2017 Santa Barbara Mayoral Q&A with Angel Martinez

[Noozhawk’s note: One in a series of questionnaires with the candidates running for Santa Barbara mayor in the Nov. 7 election. As part of Noozhawk’s upcoming Reimagine: Santa Barbara special project, the questions were tailored toward many of the challenges and opportunities of downtown Santa Barbara. Beginning Oct. 8, the installments are being published in alphabetical order: Hal Conklin, Frank Hotchkiss, Angel Martinez and Cathy Murillo. A fifth candidate, Bendy White, did not respond to two invitations to participate. Click here for the complete series index.]

NOOZHAWK: What do you think is or should be the City of Santa Barbara’s role in downtown retail and business development?

ANGEL MARTINEZ: The city should facilitate, not impede, a process of collaboration between business owners, property owners and people living in the downtown corridor to craft a new vision for our retail corridor, including Milpas Street.

Angel Martinez Click to view larger
Angel Martinez (Martinez for Mayor photo)

San Luis Obispo’s recently adopted Imagine Downtown SLO Master Plan should serve as a good framework for the kind of robust process that is needed.

NOOZHAWK: For years, aggressive panhandling and other homeless issues have been public concerns. The city and community partners have worked on this issue, but what would you do differently?

AM: I would work to discourage and inhibit the transient panhandlers from plying their trade in our city. These are people who, by and large, choose homelessness as a lifestyle. They abuse our city’s generosity, take resources away from our local homeless population, and cause many, if not most, of the problems that force our police or emergency services’ response.

I would implement Rescue Dollars, a comprehensive program to deny them cash, but still raise funds that would go directly to our local homeless population through a broad range of homeless services. I firmly believe that this must be the first step in understanding the true breadth and scope of our local homeless population’s needs if we are to ever have any chance in solving this issue.

As other cities have learned, building more facilities and adding more service simply creates a magnet that attracts more and more outside people. This must be discouraged as a first step.

NOOZHAWK: Do you support the Nov. 7 ballot initiative that would increase the city sales tax to 8.75 percent? Why or why not?

AM: While I both support and endorse Measure C, I do so because Santa Barbara’s leadership has failed to adequately address our critical infrastructure shortfall, which will balloon to a staggering $400 million to $500 million unfunded liability over the next 10 years.

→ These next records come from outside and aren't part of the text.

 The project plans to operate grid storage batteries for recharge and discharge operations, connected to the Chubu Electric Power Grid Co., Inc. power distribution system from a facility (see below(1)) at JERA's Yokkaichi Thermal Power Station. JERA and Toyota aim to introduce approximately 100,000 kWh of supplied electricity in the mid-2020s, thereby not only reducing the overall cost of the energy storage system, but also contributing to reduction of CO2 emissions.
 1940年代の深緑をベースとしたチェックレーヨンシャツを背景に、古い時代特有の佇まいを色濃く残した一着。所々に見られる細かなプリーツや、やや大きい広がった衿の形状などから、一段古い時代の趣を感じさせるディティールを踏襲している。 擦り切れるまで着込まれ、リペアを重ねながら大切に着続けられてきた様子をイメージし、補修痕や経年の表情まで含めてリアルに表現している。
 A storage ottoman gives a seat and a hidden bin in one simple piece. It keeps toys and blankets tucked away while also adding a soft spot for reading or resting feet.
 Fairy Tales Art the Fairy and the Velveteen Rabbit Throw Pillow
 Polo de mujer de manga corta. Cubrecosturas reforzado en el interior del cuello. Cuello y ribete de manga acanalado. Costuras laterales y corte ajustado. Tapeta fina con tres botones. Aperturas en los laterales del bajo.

This is an example of how a lack of coherent fiscal policy from our leaders has untold negative consequences for our community. Due to a lack of political courage by the City Council over the past decade, our backs are up against the wall: across town critically important and historic buildings are deteriorating before our eyes, many of our roads and sidewalks are beyond repair and will cost untold millions to entirely replace.

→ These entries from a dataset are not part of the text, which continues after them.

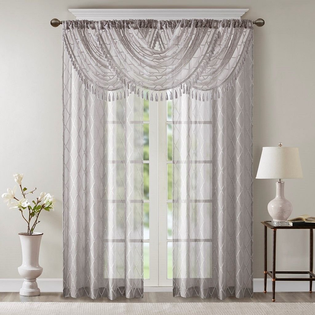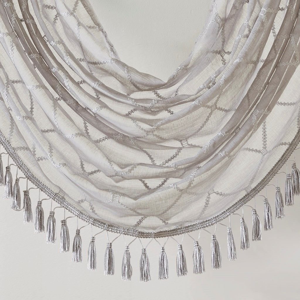 Madison Park's Irina Diamond Sheer Waterfall Valance provides an alluring update to your home. An elegant diamond pattern is beautifully embroidered on a soft sheer fabric, adding grace and charm to your décor. The neutral colors and light fabric helps create a delicate look to soften any room, combined with the beautiful tassel trim and rich draping details, makes this the perfect dressing to any window. Complete the look with coordinating window panels, sold separately. Multiple valances used to create this look.
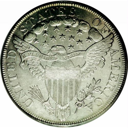 <B>1799<img border='0' src='http://www.heritagecoins.com/images/star.gif' width=10 height=10>$1> 8x5 Stars AU50 PCGS.</B></I> B-23, BB-159, R.3. This remarkable mispunching differs on the stars on both sides. Normally the left side has seven stars, not eight. The right side usually has six stars, not five. Bowers suggests the die sinker may have just finished cutting a die for the ten dollar, all of which have this 8x5 arrangement. This is a pleasing, well centered example that is brilliant throughout. The highpoints show just a trace of friction. There are no adjustment marks on this piece, and abrasions are limited to what one would normally expect for a coin that has seen 10 points of circulation.
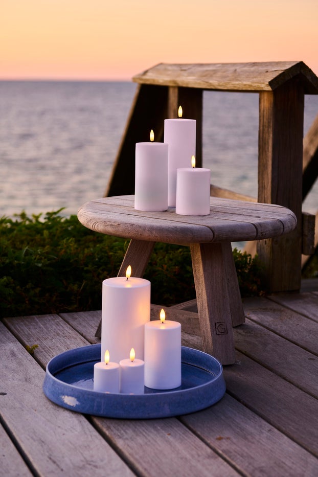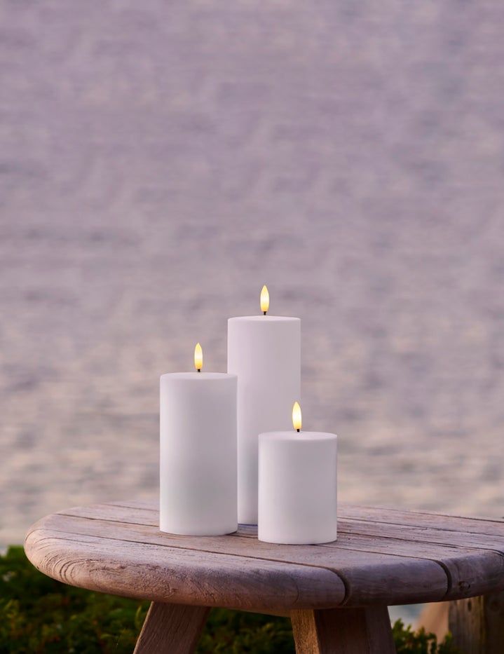 The Sille Outdoor are waterproof, with no risk of moisture damage They are designed heavier than other Sirius candles, to avoid falling over in the wind
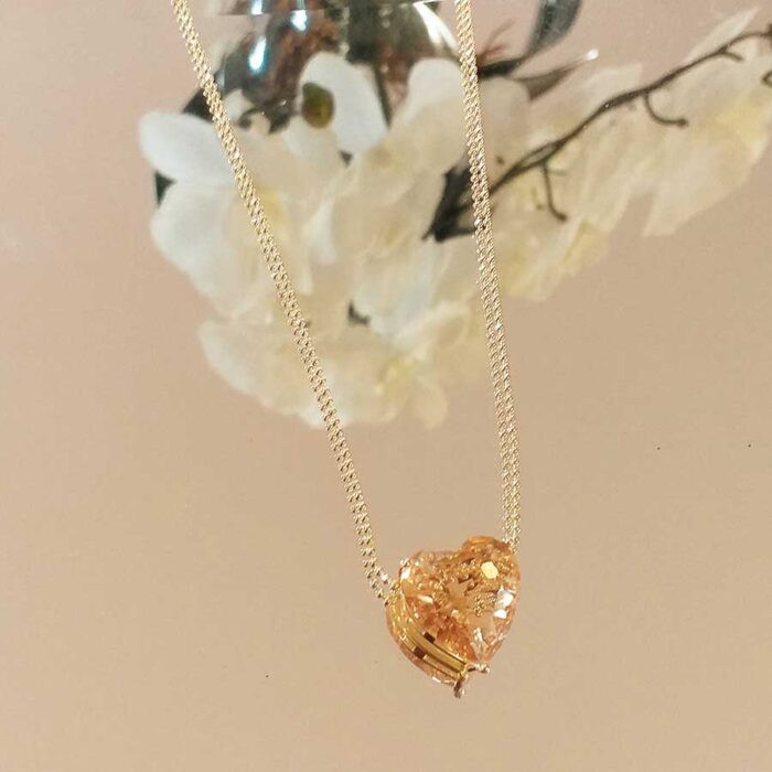 Colar com pingente de coração de zircônia morganita. Peças banhadas em ouro 18k (40 cm + 8 cm extensor)

The members of the current City Council, including those now running for mayor, own this problem. The citizens and residents of Santa Barbara deserve better.

| Election 2017 | Complete Series Index |

My concern with Measure C specifically is that it does not guarantee that revenues will be used exclusively for funding infrastructure, including a new police headquarters facility. The proposal puts the dollars raised into the General Fund, which can be easily raided down the road by the City Council for other purposes.

I would have preferred a bond measure that would have specifically detailed what the money would be used for and that would create direct fiscal accountability and a horizon for success. Therefore, if elected, I would vehemently oppose ANY use of funds raised from Measure C for any other purpose than infrastructure improvements. This is what is being sold to taxpayers and this must be upheld.

Moreover, whether elected or not, I will be the first one to spearhead another ballot measure to RETRACT this sales tax increase if it fails to live up to its promises.

There are those on the current City Council, or in the mayor’s race, specifically Mr. Hotchkiss, who suggest that we should vote against Measure C. But that is also wrongheaded. These anti-tax purists have not brought forth any suggestion on how to tackle our infrastructure problems.

In business, one deals with the hand that is dealt; in this case, the unfortunate fact of the matter is that Santa Barbara has run out of time. In the past six years, our unfunded infrastructure liability grew by $172 million, a 55 percent increase over 2012 levels. There is a tipping point at which a community, just like a business, cannot right itself and thus cannot recover.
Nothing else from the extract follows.